Stored records:
==================================================

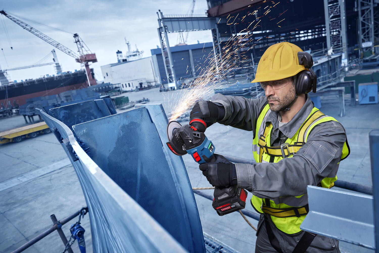 - Tato úhlová bruska EXPERT je nepostradatelná v případě zásobníků na ropu, větrných elektráren, věží a mostů a dokáže opracovat velké díly od výztuží větších než 20 mm až po beton
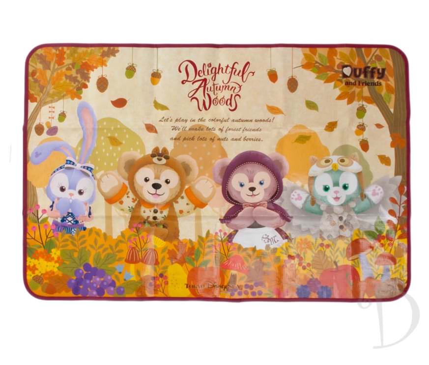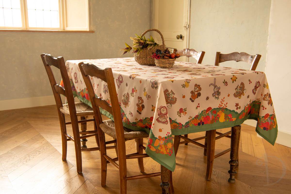秋を楽しむ「ダッフィー」「シェリーメイ」「ジェラトーニ」「ステラ・ルー」がデザインされたマルチクロス。
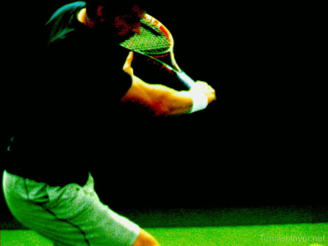Andy Murray's running backhand slice from the rear, filmed in high-speed slow motion at 250fps. His continental grip stays firm as the wrist remains laid back through the forward swing, with a late, subtle release just after contact to keep the slice low and controlled.
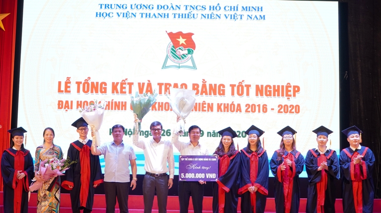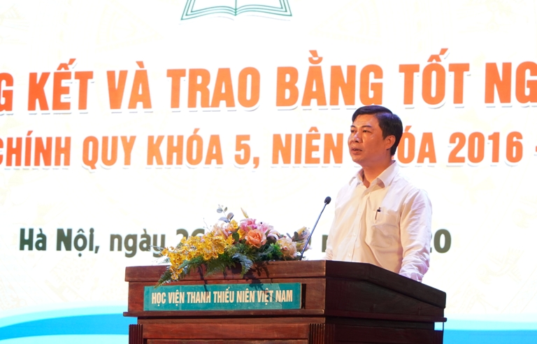 Phát biểu tại Lễ tổng kết, đồng chí Nguyễn Hải Đăng, Bí thư Đảng ủy, Giám đốc Học viện chúc mừng các tân cử nhân khóa 5 và mong muốn với khối lượng kiến thức và các kỹ năng đã được Học viện trang bị, các em sẽ tự tin thích ứng với nhiều vị trí công tác khác nhau trong xã hội; tiếp tục phấn đấu rèn luyện để khẳng định bản thân, qua đó khẳng định giá trị chất lượng đào tạo của Học viện thanh thiếu nhiên Việt nam.
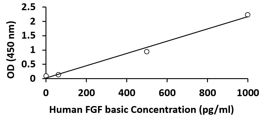 ARG83510 arigoPLEX®Human Angiogenic Marker Multiplex ELISA kit results of a typical standard for Human FGF basic run with optical density reading at 450 nm.
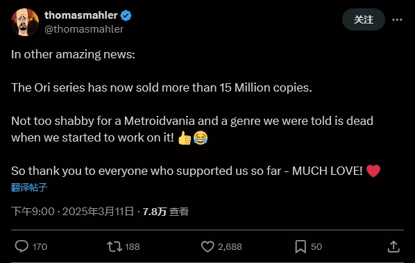 Thomas Mahler表示,《奥日》系列目前已售出1500万份。对于一款类银河恶魔城游戏来说,这个成绩相当不错。记得在我们开始制作时,有人告诉我们这个游戏类型已经死了。因此,我要特别感谢迄今为止一直支持我们的所有玩家——非常感谢你们。

==================================================

■ Work to be completed:
Word for word, copy every line of the data, excluding any pictures.

■ Output of the task:
 - Tato úhlová bruska EXPERT je nepostradatelná v případě zásobníků na ropu, větrných elektráren, věží a mostů a dokáže opracovat velké díly od výztuží větších než 20 mm až po beton
秋を楽しむ「ダッフィー」「シェリーメイ」「ジェラトーニ」「ステラ・ルー」がデザインされたマルチクロス。
Andy Murray's running backhand slice from the rear, filmed in high-speed slow motion at 250fps. His continental grip stays firm as the wrist remains laid back through the forward swing, with a late, subtle release just after contact to keep the slice low and controlled.
 Phát biểu tại Lễ tổng kết, đồng chí Nguyễn Hải Đăng, Bí thư Đảng ủy, Giám đốc Học viện chúc mừng các tân cử nhân khóa 5 và mong muốn với khối lượng kiến thức và các kỹ năng đã được Học viện trang bị, các em sẽ tự tin thích ứng với nhiều vị trí công tác khác nhau trong xã hội; tiếp tục phấn đấu rèn luyện để khẳng định bản thân, qua đó khẳng định giá trị chất lượng đào tạo của Học viện thanh thiếu nhiên Việt nam.
 ARG83510 arigoPLEX®Human Angiogenic Marker Multiplex ELISA kit results of a typical standard for Human FGF basic run with optical density reading at 450 nm.
 Thomas Mahler表示,《奥日》系列目前已售出1500万份。对于一款类银河恶魔城游戏来说,这个成绩相当不错。记得在我们开始制作时,有人告诉我们这个游戏类型已经死了。因此,我要特别感谢迄今为止一直支持我们的所有玩家——非常感谢你们。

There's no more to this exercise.